**Exercise objective:**
Pictures aside, return every line below exactly as written.

**Entries supplied:**
-------

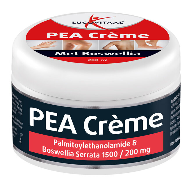 La crema de PEA Lucovitaal contiene 1500 mg de Palmitoiletanolamida (PEA) y 200 mg de Boswellia Serrata por cada 100 ml. El PEA es una sustancia endógena (producida por el propio cuerpo). Esta crema de PEA se puede combinar con las cápsulas de PEA Lucovit Leer más.
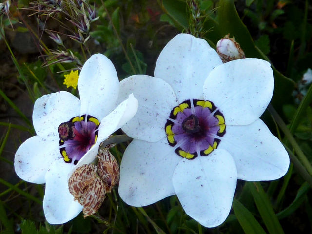 Sparaxis tricolor seen flowering in Nieuwoudtville September 2006. Photos 1-3 taken by Mary Sue Ittner and Bob Rutemoeller including a close-up with a beetle pollinator and the last shown with Lapeirousia jacquinii. Photo 4 was taken by Cameron McMaster at the Biekoes Farm near Nieuwoudtville September 2011.
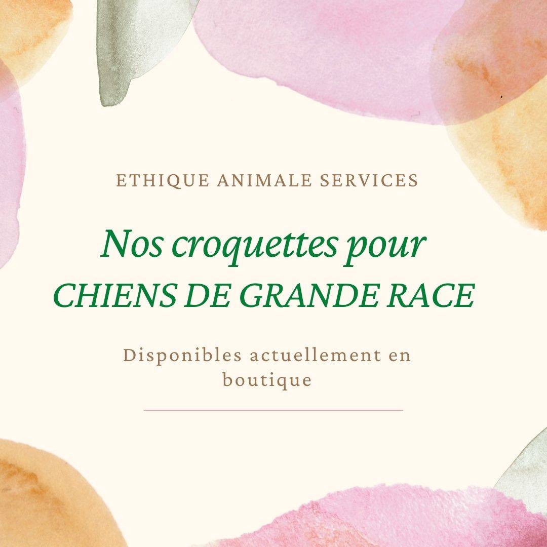 Croquettes pour chien de grandes races: éthique animale service vous propose les croquettes disponibles en boutique pour votre chien adulte de grande taille
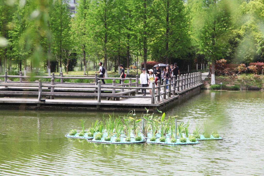 4月20日,BEAT365英国官网校园里的东湖上,该校科研人员设置的生态浮床不仅起到处理水污染、改善水环境的作用,同时也为美丽的校园增添了绿色,师生行走在校园里的东湖上成为一种美的享受。
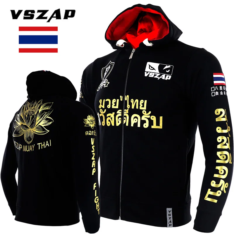 Vszap-Sweat à capuche de boxe thaïlandaise, Sweat de fitness, Gastronomie, Golden anni, MMA personnalisé, Veste à glissière, Pull optique mince
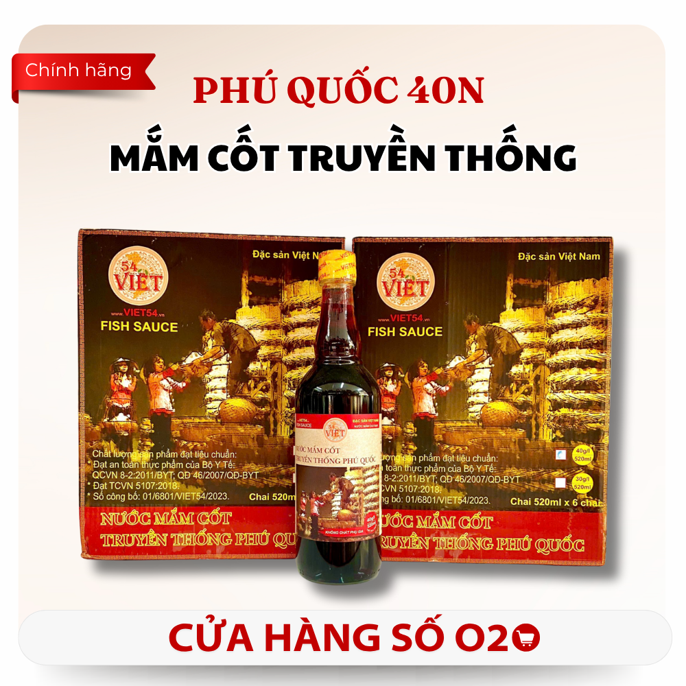 Nước mắm cốt 40 độ đạm là sản phẩm cao cấp, được sản xuất theo phương pháp ủ chượp thùng gỗ truyền thống Phú Quốc. Với nồng độ đạm lên đến 40g/lít, nước mắm mang hương vị đậm đà và thuần khiết, phù hợp với nhiều loại món ăn và phong cách ẩm thực khác nhau. Sản phẩm được chế biến từ nguyên liệu cá cơm tươi ngon và muối biển tự nhiên, không chứa chất bảo quản, phẩm màu hay hương liệu, đảm bảo giữ nguyên giá trị dinh dưỡng và hương vị truyền thống.
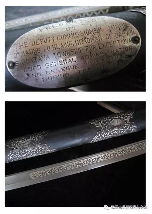 同时这些缅刀刀鞘上多有颁奖铭牌。例如上图这把,即为英军敏步地区副总指挥赏赐麾下地方行政长官所用。这些作为颁奖的缅刀保存状况有的十分不错。
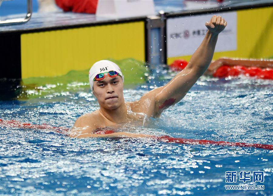3月24日,孙杨在男子400米自由泳决赛后庆祝。 当日,在山东青岛举行的2019年全国游泳冠军赛暨世锦赛选拔赛男子400米自由泳决赛中,浙江队选手孙杨以3分43秒73的成绩夺得冠军。 新华社记者李紫恒摄
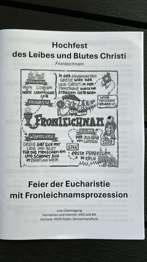 Ich habe heute den wunderschönen Fronleichnams Gottesdienst im Fernseher mitgebetet. Es war ein ganz eingehendes Erlebnis, euch alle live zu sehen. Die Predigt hat mich sehr berührt, danke Pfarrer Hirmer.

-------

**Task result:**
 La crema de PEA Lucovitaal contiene 1500 mg de Palmitoiletanolamida (PEA) y 200 mg de Boswellia Serrata por cada 100 ml. El PEA es una sustancia endógena (producida por el propio cuerpo). Esta crema de PEA se puede combinar con las cápsulas de PEA Lucovit Leer más.
 Sparaxis tricolor seen flowering in Nieuwoudtville September 2006. Photos 1-3 taken by Mary Sue Ittner and Bob Rutemoeller including a close-up with a beetle pollinator and the last shown with Lapeirousia jacquinii. Photo 4 was taken by Cameron McMaster at the Biekoes Farm near Nieuwoudtville September 2011.
 Croquettes pour chien de grandes races: éthique animale service vous propose les croquettes disponibles en boutique pour votre chien adulte de grande taille
 4月20日,BEAT365英国官网校园里的东湖上,该校科研人员设置的生态浮床不仅起到处理水污染、改善水环境的作用,同时也为美丽的校园增添了绿色,师生行走在校园里的东湖上成为一种美的享受。
 Vszap-Sweat à capuche de boxe thaïlandaise, Sweat de fitness, Gastronomie, Golden anni, MMA personnalisé, Veste à glissière, Pull optique mince
 Nước mắm cốt 40 độ đạm là sản phẩm cao cấp, được sản xuất theo phương pháp ủ chượp thùng gỗ truyền thống Phú Quốc. Với nồng độ đạm lên đến 40g/lít, nước mắm mang hương vị đậm đà và thuần khiết, phù hợp với nhiều loại món ăn và phong cách ẩm thực khác nhau. Sản phẩm được chế biến từ nguyên liệu cá cơm tươi ngon và muối biển tự nhiên, không chứa chất bảo quản, phẩm màu hay hương liệu, đảm bảo giữ nguyên giá trị dinh dưỡng và hương vị truyền thống.
 同时这些缅刀刀鞘上多有颁奖铭牌。例如上图这把,即为英军敏步地区副总指挥赏赐麾下地方行政长官所用。这些作为颁奖的缅刀保存状况有的十分不错。
3月24日,孙杨在男子400米自由泳决赛后庆祝。 当日,在山东青岛举行的2019年全国游泳冠军赛暨世锦赛选拔赛男子400米自由泳决赛中,浙江队选手孙杨以3分43秒73的成绩夺得冠军。 新华社记者李紫恒摄
 Ich habe heute den wunderschönen Fronleichnams Gottesdienst im Fernseher mitgebetet. Es war ein ganz eingehendes Erlebnis, euch alle live zu sehen. Die Predigt hat mich sehr berührt, danke Pfarrer Hirmer.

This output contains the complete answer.